[Extracted records]
[Start of section]
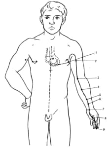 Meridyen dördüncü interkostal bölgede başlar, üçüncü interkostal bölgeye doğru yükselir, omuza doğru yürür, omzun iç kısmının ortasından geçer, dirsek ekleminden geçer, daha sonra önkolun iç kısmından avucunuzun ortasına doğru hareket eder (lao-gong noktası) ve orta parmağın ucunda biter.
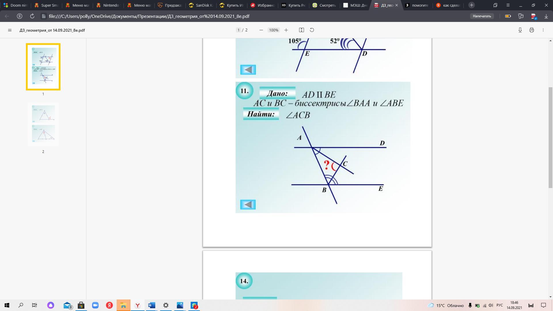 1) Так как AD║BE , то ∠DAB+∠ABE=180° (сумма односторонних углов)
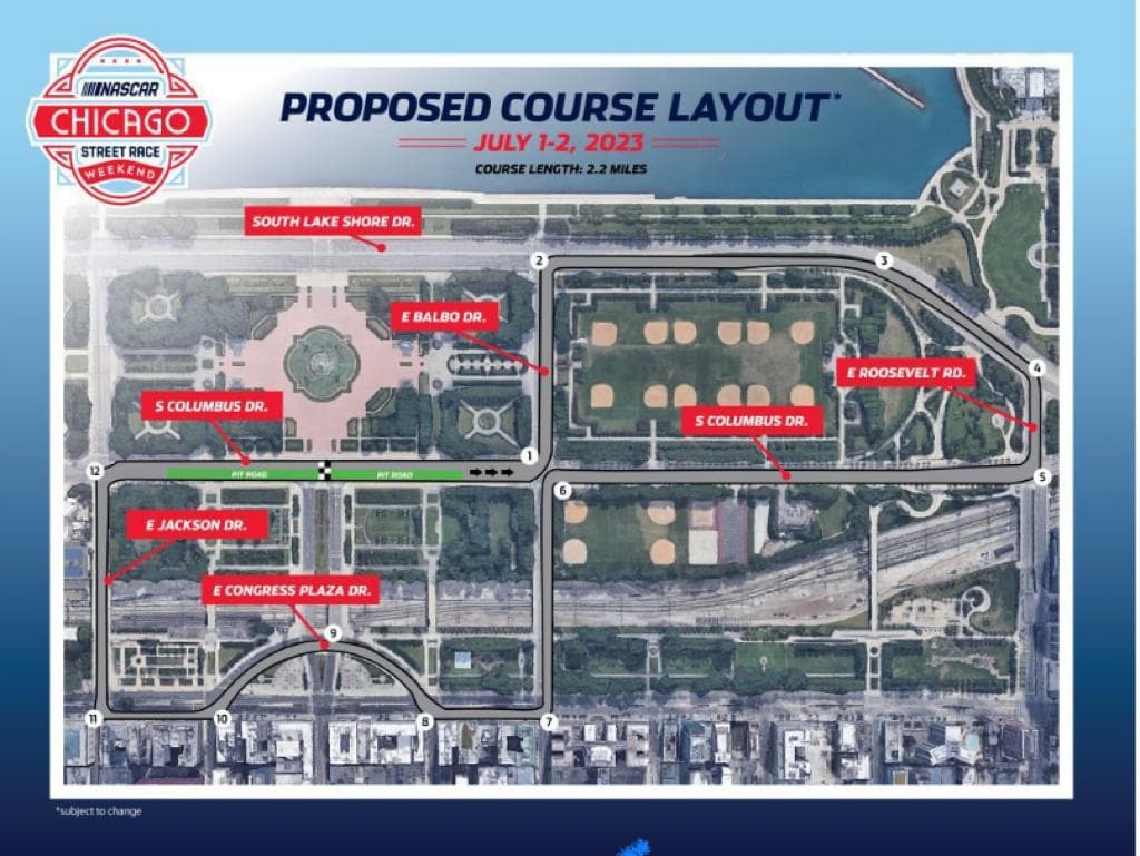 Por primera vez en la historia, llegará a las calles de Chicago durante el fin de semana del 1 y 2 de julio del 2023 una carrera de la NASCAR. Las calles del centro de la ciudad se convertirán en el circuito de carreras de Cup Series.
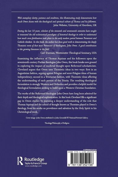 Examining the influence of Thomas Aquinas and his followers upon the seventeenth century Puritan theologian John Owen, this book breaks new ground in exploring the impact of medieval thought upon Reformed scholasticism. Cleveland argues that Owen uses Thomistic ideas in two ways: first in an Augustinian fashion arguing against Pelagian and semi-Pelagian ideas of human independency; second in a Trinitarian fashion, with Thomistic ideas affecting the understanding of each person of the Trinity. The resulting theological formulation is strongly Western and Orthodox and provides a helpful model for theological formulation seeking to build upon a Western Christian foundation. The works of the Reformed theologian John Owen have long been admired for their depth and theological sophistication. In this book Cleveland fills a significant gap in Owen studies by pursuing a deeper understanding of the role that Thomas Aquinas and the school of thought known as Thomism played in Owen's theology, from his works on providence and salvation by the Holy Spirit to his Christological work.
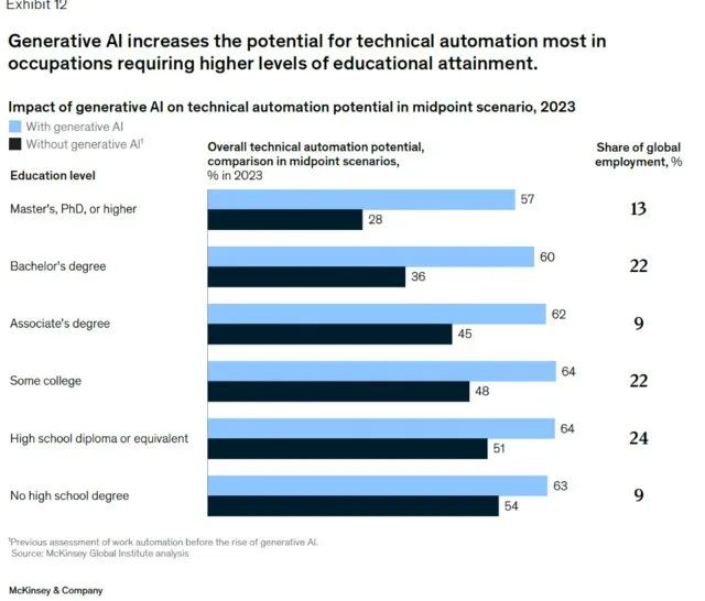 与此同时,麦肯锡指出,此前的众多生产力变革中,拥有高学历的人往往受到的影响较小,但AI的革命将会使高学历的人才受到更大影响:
[End of section]
#### What needs to be done:
Exactly the lines from the one containing "Examining the influence" to the end of the records above, both end lines included, are to be printed, and no pictures with them.

#### Answer section:
 Examining the influence of Thomas Aquinas and his followers upon the seventeenth century Puritan theologian John Owen, this book breaks new ground in exploring the impact of medieval thought upon Reformed scholasticism. Cleveland argues that Owen uses Thomistic ideas in two ways: first in an Augustinian fashion arguing against Pelagian and semi-Pelagian ideas of human independency; second in a Trinitarian fashion, with Thomistic ideas affecting the understanding of each person of the Trinity. The resulting theological formulation is strongly Western and Orthodox and provides a helpful model for theological formulation seeking to build upon a Western Christian foundation. The works of the Reformed theologian John Owen have long been admired for their depth and theological sophistication. In this book Cleveland fills a significant gap in Owen studies by pursuing a deeper understanding of the role that Thomas Aquinas and the school of thought known as Thomism played in Owen's theology, from his works on providence and salvation by the Holy Spirit to his Christological work.
 与此同时,麦肯锡指出,此前的众多生产力变革中,拥有高学历的人往往受到的影响较小,但AI的革命将会使高学历的人才受到更大影响:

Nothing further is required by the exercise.